On August 16, 2000, an aerial survey of Port Gravina estimated that there were 2000 salmon sharks visible at the water surface. Based on news of salmon shark aggregation, I visited Port Gravina in August of 2006. I hired a skiff and we headed up to Gravina. I allotted two days to explore the area. On the first day, the sight was incredible, much like had been described. There were seemingly salmon shark everywhere, hunting salmon. The sharks would corner the salmon against the steep canyon wall and attack them at the surface. Likely in part due to predatory competition, the action was intense with some spectacular breaches. Excited, I returned on the skiff the next day. When we arrived there was a fishing charter in Port Gravina. As we passed the charter boat, there were 6 salmon sharks hung over the side of the boat. Unlike the previous day, the water surface felt empty, with no evidence of salmon shark activity.
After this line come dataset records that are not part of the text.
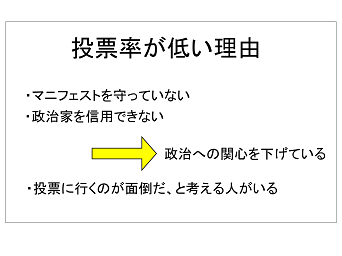 大きく分けて原因は2つあり、1つはマニフェストを守らない政治家がいるため、政治家を信じられなく投票できず、そのことが政治への関心の低迷につながっていること。もう1つは、投票に行くことが面倒であるということでした。
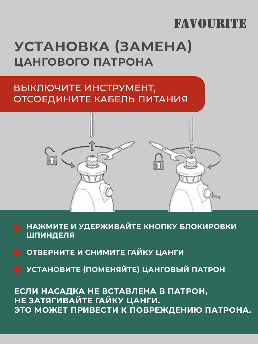 | Особенности конструкции | фиксация шпинделя, блокировка кнопки включения |
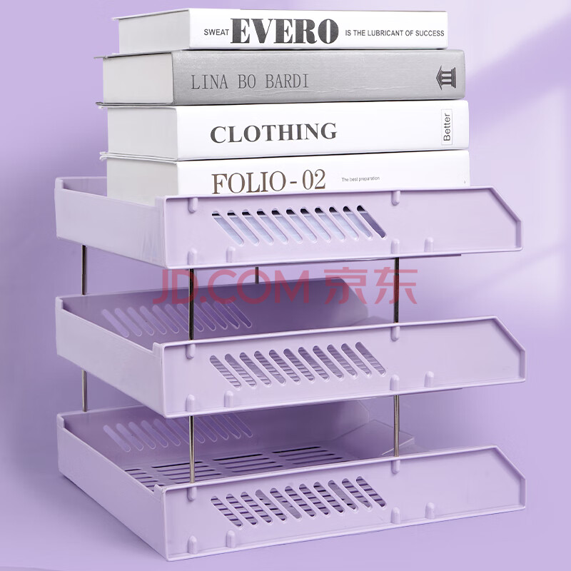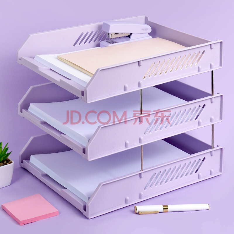 商品相册:西玛(SIMAA)莫兰迪三层镂空收纳文件座 自由拆卸组装三层文件盘/文件框/文件架 办公用品 香芋紫6357第
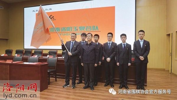 开幕式上还举行了“河南洛阳玉泉谷队”冠名仪式。省围棋协会秘书长汪见虹九段与浙江省围棋协会秘书长卢俊和、玉泉谷(北京)商业运营管理有限公司总经理孙文东共同签署了冠名协议。五名队员周贺玺、胡钰函、王春晖、许一迪、叶长欣登台与观众见面。孙文东总经理为汪见虹九段颁发总教练聘书,杨中军副局长向河南洛阳玉泉谷队授队旗。
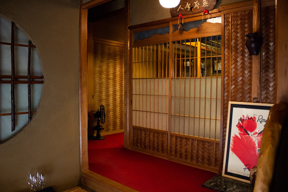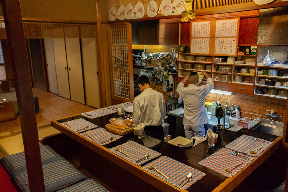 外観は一見すると敷居の高そうなお茶屋さんの建物ですが、のれんをくぐって店に上がると、あたたかい雰囲気のコの字型のカウンターが、優しくあなたを迎えてくれます。
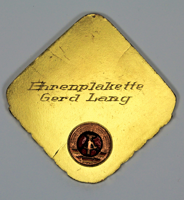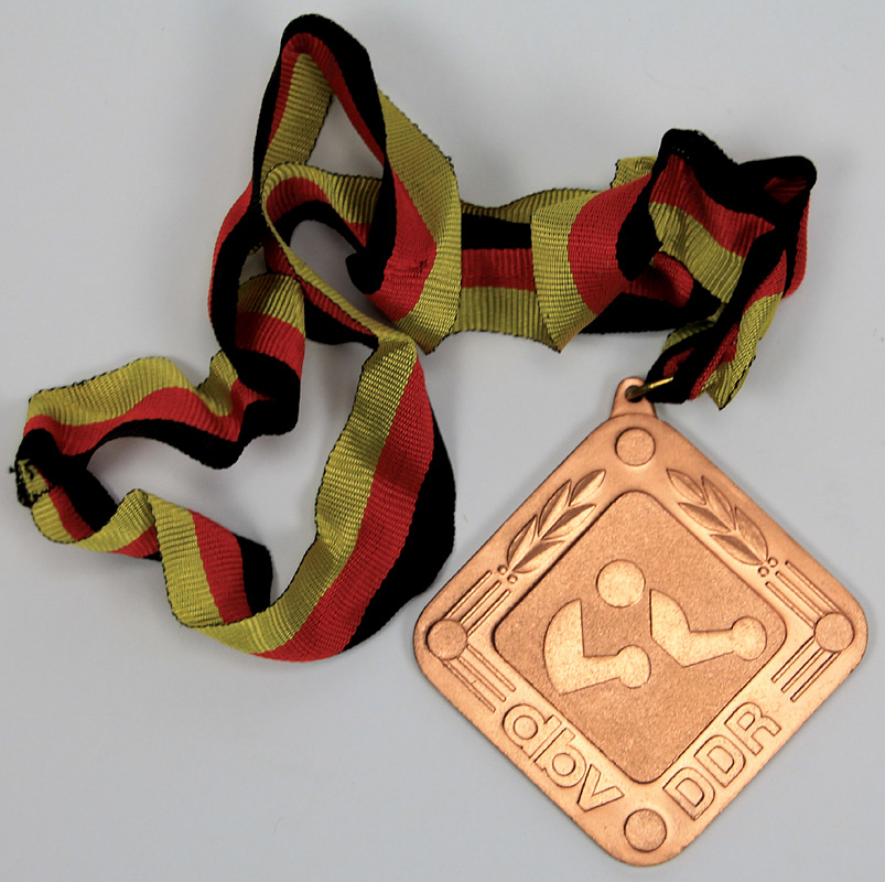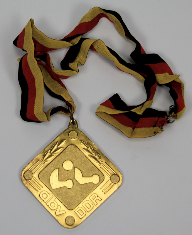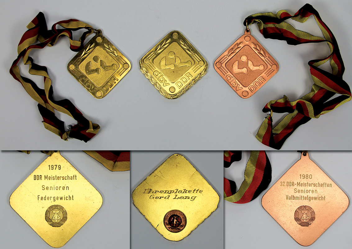 Siegermedaille 1979 + 1980 | Zwei Siegermedaillen der DDR Boxmeisterschaften 1979 + 1980: 1) Goldmedaille mit der Aufschrift "1979 DDR Meisterschaft Senioren Federgewicht" mit Seidenband. 2) Bronzemedaille "1980 DDR Meisterschaft Senioren Halbmittelgewicht" mit Seidenband. Je 8x8 cm n original Box. Dabei: Ehrenplakette des DBV - DDR mit rückseitiger Gravur "Ehrenplakette Gerd Lang". Bronze vergoldet mit aufgesetztem, emaillierten Staatswappen, 8,5x8,5 cm.
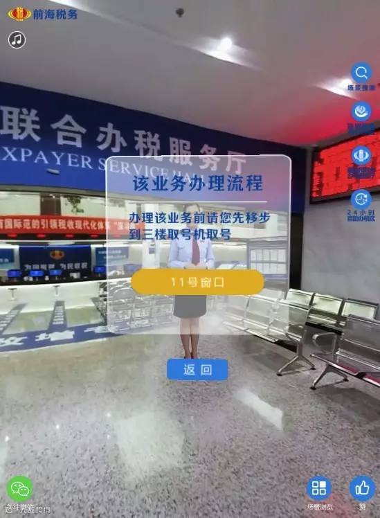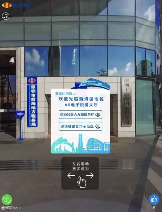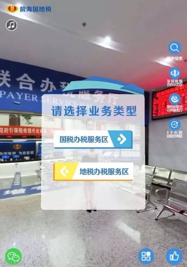 前海税务智慧VR办税厅是全国首个由国地税联合打造的可交互智慧虚拟现实办税厅,它将真实的前海国地税联合办税大厅及前海税银合作示范区动态化地呈现在屏幕中。

My visit to Port Gravina coincided with a relative frenzy in interest to sport fish salmon sharks. Not unexpectedly, anecdotal reports describe a crash in the salmon shark population in the years following. As it became harder to find the sharks, the demand to charter boats for shark fishing in Alaska faded away. In the years that have passed since, there appears to be a modest rebound in salmon shark populations in the Ports that mark the eastern limit of Prince William Sound. Year on year, we are seeing small but steady increases in the number and size of the sharks that return to their familiar haunts. It is encouraging to see these sharks make a comeback but when compared to the estimates of 2000 sharks visible in Port Gravina 20 years ago, the modern population would appear to be at least an order of magnitude less.
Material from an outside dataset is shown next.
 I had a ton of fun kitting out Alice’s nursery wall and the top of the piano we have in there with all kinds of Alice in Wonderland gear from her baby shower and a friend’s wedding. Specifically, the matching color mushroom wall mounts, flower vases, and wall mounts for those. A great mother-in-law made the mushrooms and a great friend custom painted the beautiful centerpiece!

And still, the threat remains constant for the sharks. Interested parties in Alaska have tried to approach the state government and Alaska FIsh and Game with concerns regarding the salmon shark population and its vulnerability. However, the government has shown very little interest in protecting the shark. There are significant gaps in the data used for governmental stock assessments regarding all large sharks in Alaska. Any suggestion for greater protection would be suffer from the inadequate data to support any changes in management and face the immense power of the fishing lobby. At present, the sport fishing catch limit still allows for the killing of one salmon shark per person per day, one in possession, and two sharks annually. Thus, a fisherman could kill sharks on successive days. One can imagine that with the limited ability of salmon sharks to replace their population losses through reproduction, these catch limits allow the population to be wiped out quickly, at least in local aggregations.
Despite what one might hear, salmon sharks are not good to eat. The meat is generally difficult to correctly prepare and tastes rather foul (although this is subject to individual tastes). More importantly, like all large, apex sharks, salmon shark flesh is heavily laden with mercury and other heavy metals. This makes the meat dangerous and unhealthy to consume.
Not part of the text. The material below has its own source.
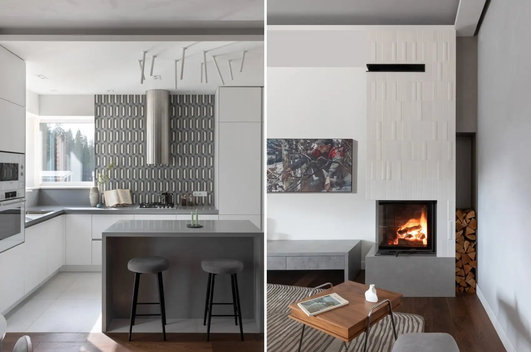A konyha-nappali együttes a ház legvilágosabb helyisége. A burkolatok között megjelenik a dekorvakolat, amely a falról a mennyezetre is felfut, segítve a nappali zónájának vizuális kijelölését. A konyhai hátfalon kézműves csempét használtak, amelynek mintázata a ház többi részének részleteire rímel. Itt jelennek meg az első színfoltok is: a szürkéskék és a smaragdkék. A konyha felszereltsége mindent tartalmaz, ami a főzéshez szükséges: egy nagy, ablak alatti mosogatóval ellátott munkafelületet és egy méretes reggelizőszigetet.
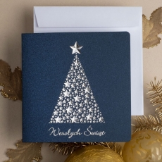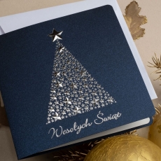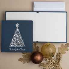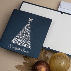 rozmiar: lub bardzo wysokiej jakości elegancki, klasyczny, matowy, barwiony w masie karton w kolorze Niebiesko-Granatowym. (gramatura 300g). Kartka z najnowszej kolekcji świątecznej, ozdobiona została artystycznym motywem świątecznej choinki. Fantazyjny kształt choinki bożonarodzeniowej wykonany został za pomocą srebrnej folii i tłoczeń. Napis życzeń Wesołych Świąt również został wysrebrzony. środek/wkładka (do nadruku treści/życzeń/logo): koperta (z paskiem samozaklejającym): sposób łączenia środka z okładką:

It often feels like only good fortune protects the sharks for now. They have been largely forgotten by sport fisheries in Alaska but this can change any day. It only takes fishermen talking amongst themselves to restore the desire to kill these animals. Greater public awareness of this incredible animal and appreciation of it as an Alaskan icon could be a path to better protection in the future. The emblematic status of the bald eagle certainly contributed to its recovery. A similar local pride of this special shark could go a long way to providing them the opportunity to recover towards historical levels and to survive into future generations.